2. Machine learning and AI in drug design

The advent of Machine Learning and AI in drug design is a game-changer, with statistical distributions playing a pivotal role in optimizing outcomes. This section delves deeper into the specifics of how ML and AI utilize distributions such as Normal, Uniform, and Xavier/Glorot in drug design.

The initialization of weights in deep learning and NN often uses the Normal or Uniform distribution. More recently, the Xavier/Glorot distribution, a specific type of Normal distribution, has been used to maintain the variance of activations and back-propagated gradients stable across layers [Citation9]. The recent development of the AutoInit algorithm has advanced the initialization of weights in NNs by adapting to different network architectures and analytically tracking the mean and variance of signals, thus improving performance across various network settings [Citation10].

With the rise of deep learning, deep generative models like Variational Autoencoders (VAEs) and Generative Adversarial Networks (GANs) have found use in de novo drug design. These models learn latent representations of molecular structures and use these to generate novel drug candidates [Citation11].** The DeepTarget model has been proposed as an end-to-end deep learning model for generating novel drug candidates based solely on the amino acid sequence of the target protein, reducing the heavy reliance on prior knowledge [Citation12]. Low-shot data: a single potent Nurr1 agonist as the template in fragment-augmentation, fine-tuned a chemical language model (CLM) using SMILES to obtain novel Nurr1 agonists using sampling frequency for design prioritization, demonstrating the usefulness of these methods in hit and lead generation [Citation13].

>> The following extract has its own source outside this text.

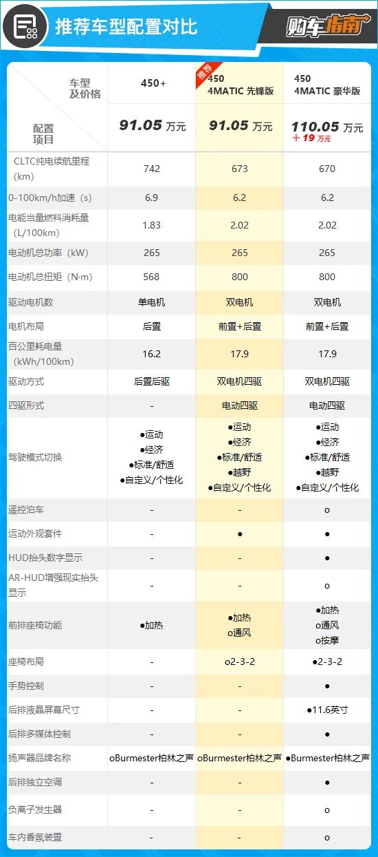 综合来看,我更加推荐450 4MATIC 先锋版,售价同为91.05万元,与入门版车型保持一致。配置方面,两款车型的表现基本相同,推荐车型多出了运动套件,另外基于双电机四驱系统,还增加了“越野”驾驶模式选择。至于第三排座椅以及前排座椅通风,都只是提供了选装机会而已。之所以推荐这款车型,主要是因为前置+后置双电机驱动系统确实很有诱惑力,动力表现更为出色。虽然续航里程有所降低,但是673km的成绩也依然称得上优秀,完全能够满足日常使用所需。

In drug design, reinforcement learning (RL) can optimize molecular properties and target binding through iterative optimization. The probability distributions in RL algorithms, such as policy gradients or Q-learning, help guide the search for promising drug candidates. The Softmax distribution is often used to convert the output of a NN into a probability distribution over actions. These probability distributions are advantageous in multi-armed bandit problems, where the agent must balance exploration and exploitation [Citation14]. The integration of RL with drug-target interaction for drug design has led to the development of a model that uses a recurrent NN for molecular modeling and drug-target affinity as the reward function for optimal molecular generation, thus improving the efficiency of drug design [Citation15].

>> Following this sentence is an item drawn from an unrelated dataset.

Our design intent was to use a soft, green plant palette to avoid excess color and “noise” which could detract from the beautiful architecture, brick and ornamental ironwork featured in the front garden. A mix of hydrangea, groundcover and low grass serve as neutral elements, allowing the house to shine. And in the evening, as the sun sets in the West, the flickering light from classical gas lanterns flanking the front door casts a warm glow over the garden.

Sudden jumps in properties such as bioactivities of closely related chemical compounds, called activity cliffs, are common in drug design and represent hard-to-model distributions since the changes in structure can be subtle, such as a change in one atom. Indeed, ML using molecular descriptors performed better than deep learning on activity cliffs in datasets [Citation16].

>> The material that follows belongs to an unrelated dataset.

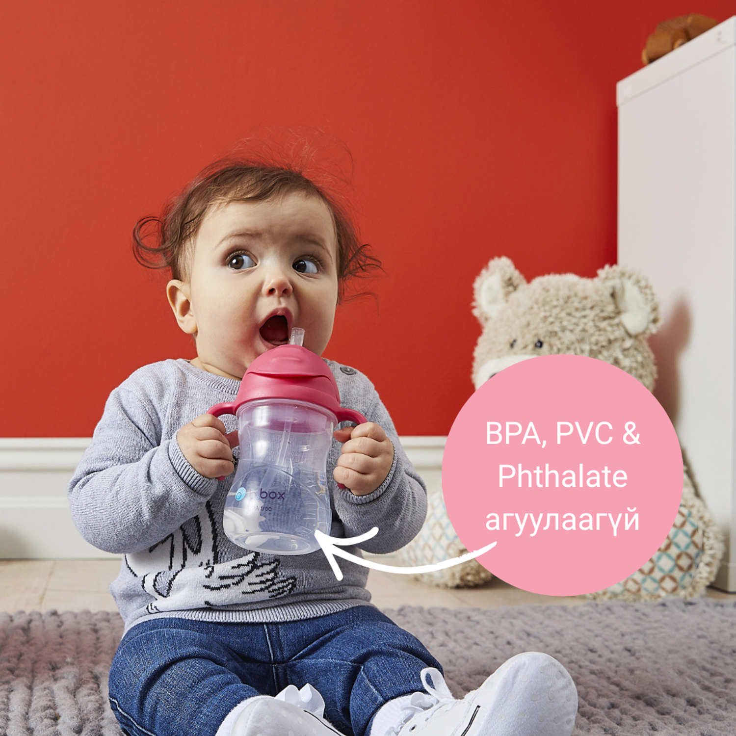 b.box брэндийн олон удаагийн шагнал хүртсэн алдарт соруултай, хүндрүүлэгчтэй аяга нь ямар ч өнцгөөс уухад тохиромжтой, хүүхдийн гаранд эвтэйхэн, өөрөө нээж хаахад хялбар байдаг нь хүүхдийг бие даан ус уухад тусална.
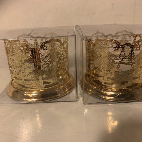 Guld fyrfadsstage med et design af udskårne grantræer rundt om toppen. Stagen er rund og har fire små kugleben i bunden, der giver det et hævet udseende. Det er dekoreret med gyldne detaljer og er lavet til at holde et standard fyrfadslys. Størrelse: Ø 6x9 cm.

Bayesian approaches have gained popularity in drug design due to their capability to incorporate prior knowledge and uncertainty into the model. These methods leverage a variety of distributions to represent prior beliefs about the parameters being estimated. Here, the manuscript, the use by Bayesian methods of these distributions in the process of drug design is explored.

Bayesian models often use various probability distributions, such as Normal, Gamma, or Beta distributions, to represent prior beliefs about the parameters being estimated [Citation17]. In clinical trials, Bayesian statistical methods incorporate prior data into trial design, analysis, and decision-making. They are increasingly recognized for their potential to reduce the time and cost of bringing innovative medicines to patients [Citation18].

Gaussian processes are also used as priors in Bayesian optimization. A Gaussian process is a collection of random variables, any finite number of which have a joint Gaussian distribution, allowing to model uncertainty about the function to optimize [Citation19]. The choice of distribution in a Bayesian network depends on the nature of the variables. For binary variables, a Bernoulli distribution might be used. For positive integer counts, a Poisson distribution might be used instead. For continuous variables, a Normal distribution can be used [Citation20].

Quantum computing has emerged as a promising tool for describing chemical processes in drug design. Quantum states are described using complex probability amplitudes, a generalization of classical probabilities. The Born rule converts these amplitudes into probabilities, creating a unique distribution for each quantum state [Citation21]. Quantum computing has been proposed for molecular simulation algorithms [Citation22] and understanding reaction mechanisms [Citation23].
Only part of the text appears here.